Work request:
Among the entries below, which lines run from the line with "Canterbrook Equestrian provided" through the line with "Armored Personnel Carrier"? Retype those, both ends included, exactly and without pictures.

The records:
BEGIN
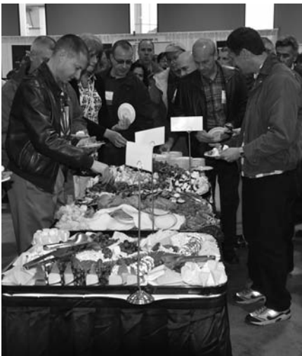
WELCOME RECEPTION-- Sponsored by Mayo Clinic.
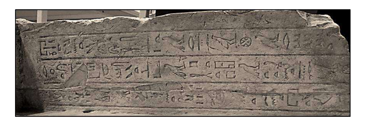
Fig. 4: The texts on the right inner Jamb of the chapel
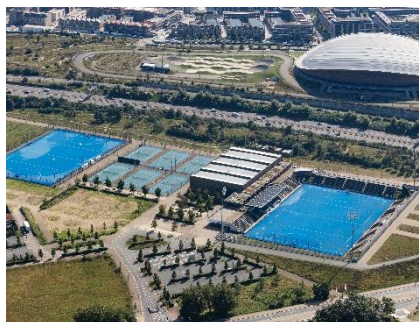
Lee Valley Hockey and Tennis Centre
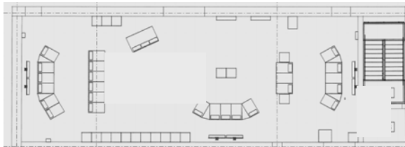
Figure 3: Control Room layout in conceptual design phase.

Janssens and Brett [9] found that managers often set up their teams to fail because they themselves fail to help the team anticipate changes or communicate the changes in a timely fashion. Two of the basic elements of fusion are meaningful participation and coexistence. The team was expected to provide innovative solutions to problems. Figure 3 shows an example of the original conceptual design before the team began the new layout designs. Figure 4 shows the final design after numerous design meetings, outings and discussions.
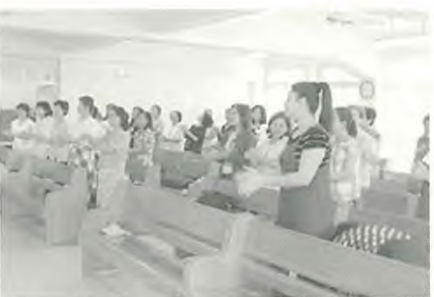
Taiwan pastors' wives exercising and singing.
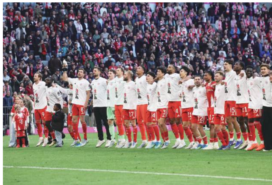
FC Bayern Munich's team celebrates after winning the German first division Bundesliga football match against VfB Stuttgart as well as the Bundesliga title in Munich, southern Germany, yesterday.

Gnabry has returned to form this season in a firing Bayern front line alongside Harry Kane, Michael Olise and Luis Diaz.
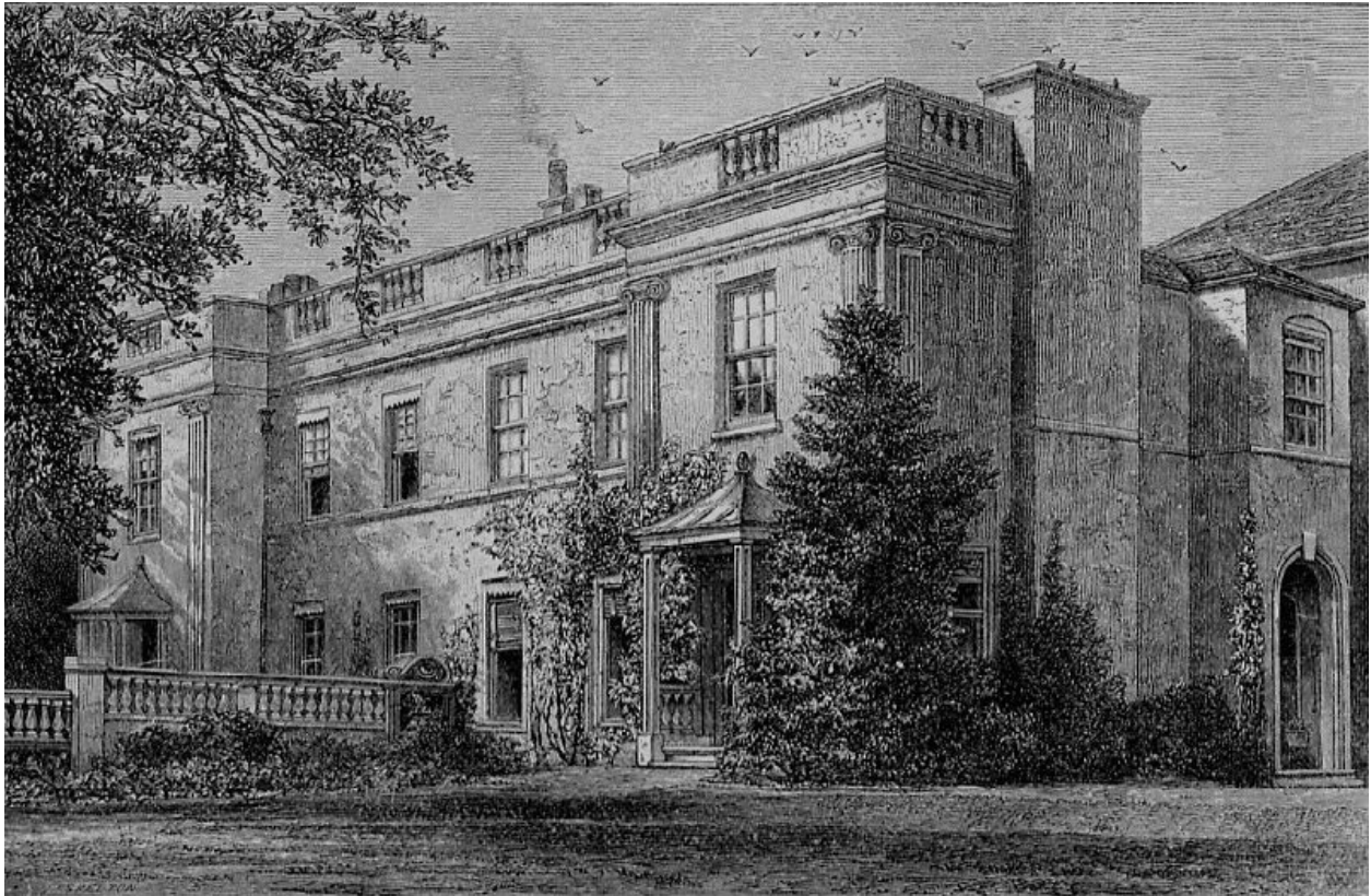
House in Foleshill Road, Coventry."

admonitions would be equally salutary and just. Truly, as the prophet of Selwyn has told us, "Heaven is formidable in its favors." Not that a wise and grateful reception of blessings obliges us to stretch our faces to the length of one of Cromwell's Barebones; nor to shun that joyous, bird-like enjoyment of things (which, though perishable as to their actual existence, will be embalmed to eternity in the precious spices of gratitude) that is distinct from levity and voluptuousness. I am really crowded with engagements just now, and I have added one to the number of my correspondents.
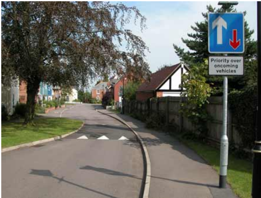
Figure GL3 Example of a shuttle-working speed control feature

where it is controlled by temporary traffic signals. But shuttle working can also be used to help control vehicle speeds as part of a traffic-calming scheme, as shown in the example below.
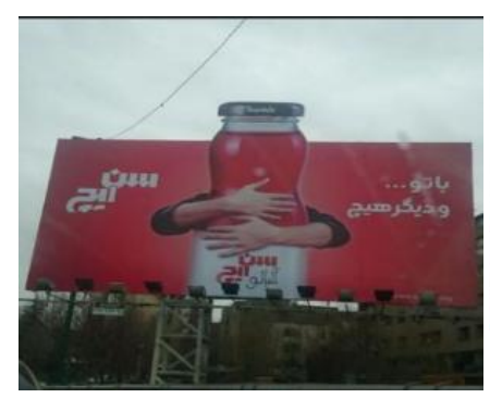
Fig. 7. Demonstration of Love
END
BEGIN
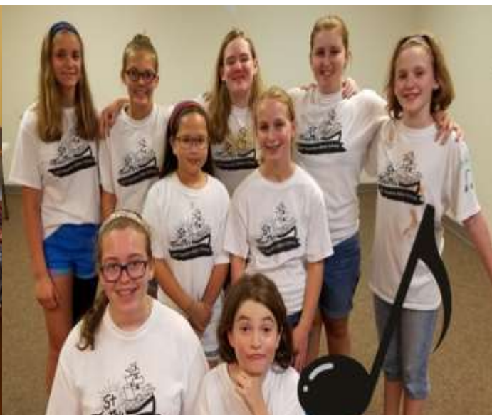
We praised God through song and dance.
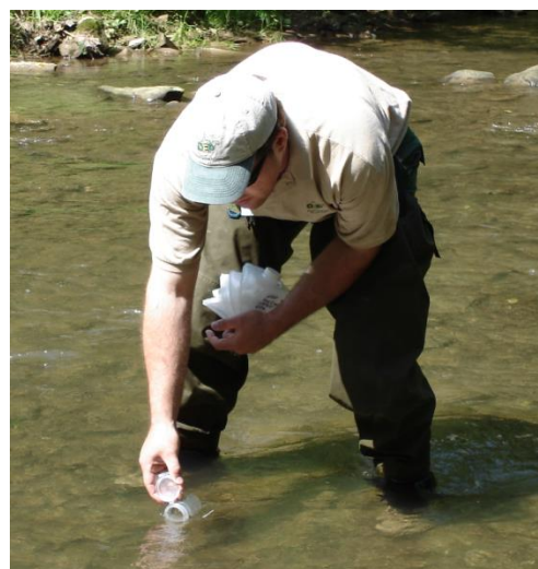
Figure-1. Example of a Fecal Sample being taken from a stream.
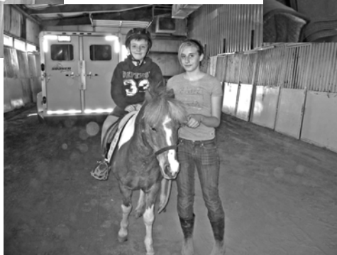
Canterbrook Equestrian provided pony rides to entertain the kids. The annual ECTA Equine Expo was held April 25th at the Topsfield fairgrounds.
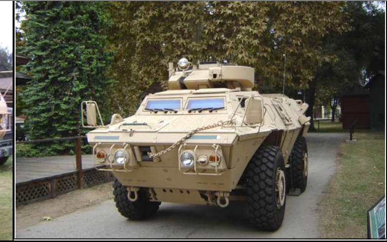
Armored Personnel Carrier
END
Result of this exercise:
Canterbrook Equestrian provided pony rides to entertain the kids. The annual ECTA Equine Expo was held April 25th at the Topsfield fairgrounds.
Armored Personnel Carrier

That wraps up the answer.